Among the records that follow, find the line with "ANAESTIVAC 2 - AGSS" and the line with "Fig. 9: Marginal excision of the mass". Set down those lines and all lines between them exactly, without adding anything.

■ Data for this exercise
------------------------------------------------------------

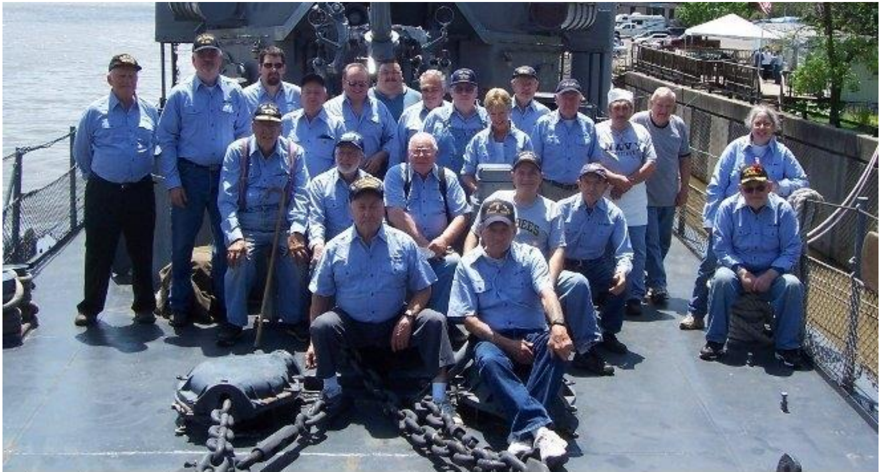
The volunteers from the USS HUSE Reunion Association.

------------------------------------------------------------

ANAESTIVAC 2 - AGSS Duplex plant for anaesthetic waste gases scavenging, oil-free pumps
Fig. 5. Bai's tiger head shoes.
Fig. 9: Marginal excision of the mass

------------------------------------------------------------

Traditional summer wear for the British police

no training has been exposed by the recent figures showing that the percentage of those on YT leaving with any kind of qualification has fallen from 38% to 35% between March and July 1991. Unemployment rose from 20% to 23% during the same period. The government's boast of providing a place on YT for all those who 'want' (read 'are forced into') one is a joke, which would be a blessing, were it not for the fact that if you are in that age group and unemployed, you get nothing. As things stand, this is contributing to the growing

------------------------------------------------------------

■ Written solution
ANAESTIVAC 2 - AGSS Duplex plant for anaesthetic waste gases scavenging, oil-free pumps
Fig. 5. Bai's tiger head shoes.
Fig. 9: Marginal excision of the mass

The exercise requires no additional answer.